Grindhouse films can be wild and exhilarating rides, if done
right. The Tarantino-Rodriguez mashup of Planet
Terror and Death Proof proved as
an effective ode to the long thought lost genre, but many other exploitation
films of this caliber have tried, yet failed, to be modern successors for this
niche genre. Snowflake, a German
entry in this series of low-budget independent efforts, thinks outside the box
at times, trying its hardest to be a smart and funny effort that sometimes can
get lost in its own weirdness without a proper kind of satisfactory ending to
its unending insanity.
At times, it’s almost weird just for the sake of it. Two
murderers find a screenplay in the back of their car that describes what they
just accomplished in great detail, much to their surprise and confusion, and as
they continue reading on, they find that it details their future path right
down to the very words they end up uttering. It’s a strange sort of ordeal-
characters show up quite literally out of nowhere and take the story into
completely random directions, which offers some kind of unpredictable fun, but
is it really greater than the sum of its parts?
I couldn’t even begin to try to explain the rest of the plot
if I wanted to.

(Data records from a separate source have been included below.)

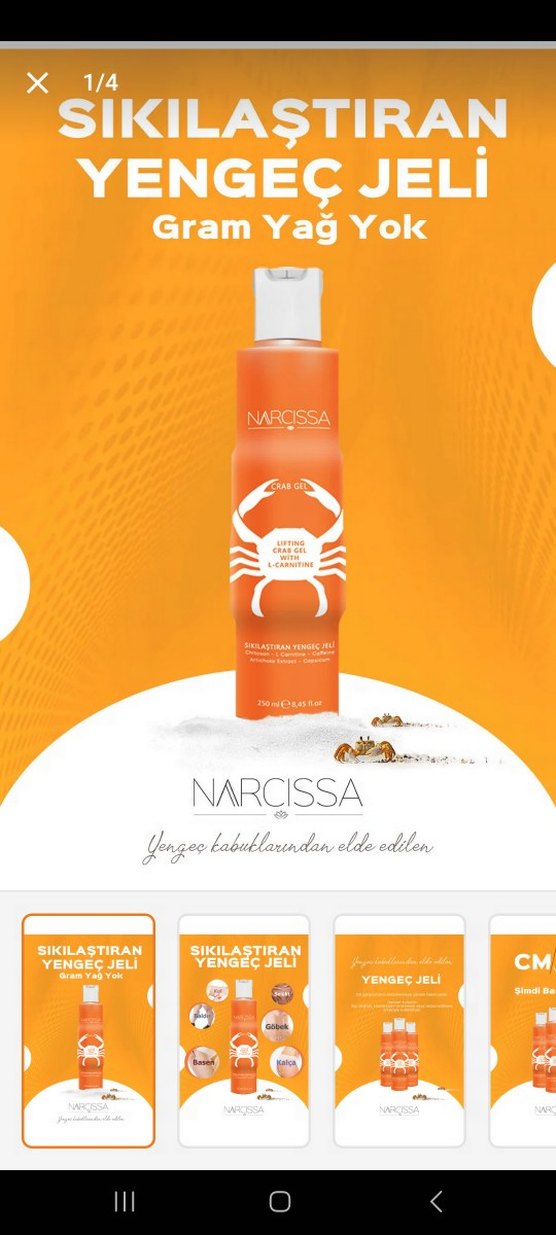 1 adet fiyatidir. 2 adet 300 olur Yengeç kabuğu özlü ve L-karnitinli Narcissa sıkılaştırıcı jel, cildi sıkılaştırır ve canlandırır, yağ içermez.
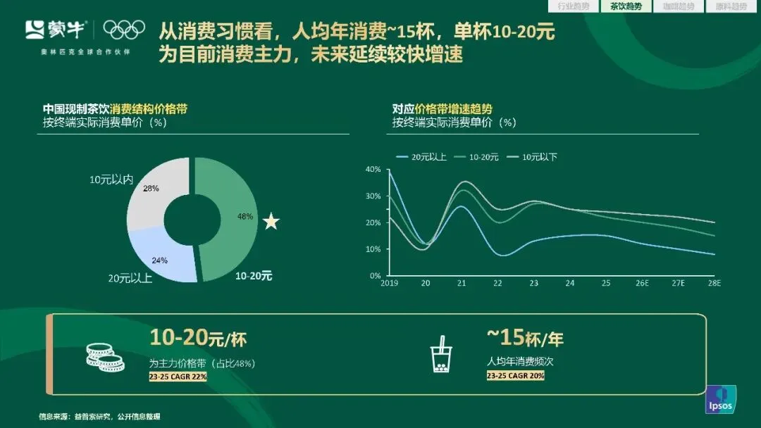 茶饮市场的创新,始终围绕着消费者的需求变化展开。2025 年现制茶饮人均年消费频次约 15 杯,10 到 20 元的价格带占比 48%,是市场绝对的消费主力。消费者对茶饮的需求,早已从单纯的解渴,升级到健康、质价比,再到情绪价值的共鸣。健康化成了行业不可逾越的基线,超过半数的消费者会因为健康顾虑减少茶饮消费,九成以上的受访消费者,会重点关注饮品中牛奶原料的品质。
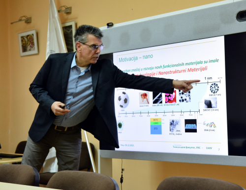Своје предавање Владимир Срдић започео је прегледом потреба технолошког развоја посебно у области рачунарства и унапређивања рачунарске меморије, за чију су брзину и капацитете неопходни одговарајући мултифункционални наноматеријали, да би потом известио и о резултатима рада свог истраживачког тима у области наношења јако танких, епитаксијалних филмова кристалних структура на бази лантанум манганита. Предавач је истакао да су перовскити (материјали са кристалном структуром) на бази лантанум манганита (LaMnО3) привукли велику пажњу због интригантних својстава, као што су: колосална магнетоотпорност, феромагнетизам на собној температури, могућност лаког контролисања прелаза из металног у изолаторско понашања, као и велика сензитивност спинског уређења на спољашње побуде, не само магнетним и електричним пољем већ и ласерским пулсевима. Посебно је значајна могућност контролисаног подешавања оријентације магнетних домена, јер се данас кодирање дигиталних информација постиже углавном кроз магнетизацију домена у феромагнетним материјалима, који су основа садашњих меморијских уређаја. Због брзог технолошког развоја и ограничења постојећих меморијских система, код којих се обртање магнетизације домена постиже применом магнетног поља, у новије време се, објаснио је предавач, ради на развоју алтернативног приступа – побуђивања магнетног одговора ултрабрзим ласерским пулсевима. Та технологија захтева развој нових мултифункционалних материјала у форми хетероструктурних танких филмова. Истраживања су углавном усмерена на вишеслојне структуре на бази металних материјала, али се све више пажње посвећује и феромагнетним и мултифероичним оксидним хетероструктурним филмовима, код којих су перовскити на бази LaMnО3 посебно интересантни.

It’s the kind of film that’s best to go into blind, because the
cover art and posters you’ll find for this film do not really give the story
any justice or clues as to what’s really going on. It’s a clever take- almost a
more violent take on Stranger than
Fiction- but, more often than not, its tales are disjointed and rarely come
together to form a more cohesive narrative. That may have been what director
Adolfo J. Komerer and guest director William James had been going for in their
wonderfully weird and wild tale, but from a thematic standpoint, it’s a mess.
That’s not to say it’s not a fun film, though: I had an
absolute blast watching Snowflake,
which surprisingly I had never heard of before recently. “There’s a gangbang in
hell, and your ass is the main entrance” is my new favorite one-liner. It’s a
fun little exploitation film that does well when it doesn’t try to take itself
too seriously. It’s one of those movies you’ll have to see once just for the
experience and then may never end up picking up again, or might want to show a
friend who’s never seen it before, just to see their reaction.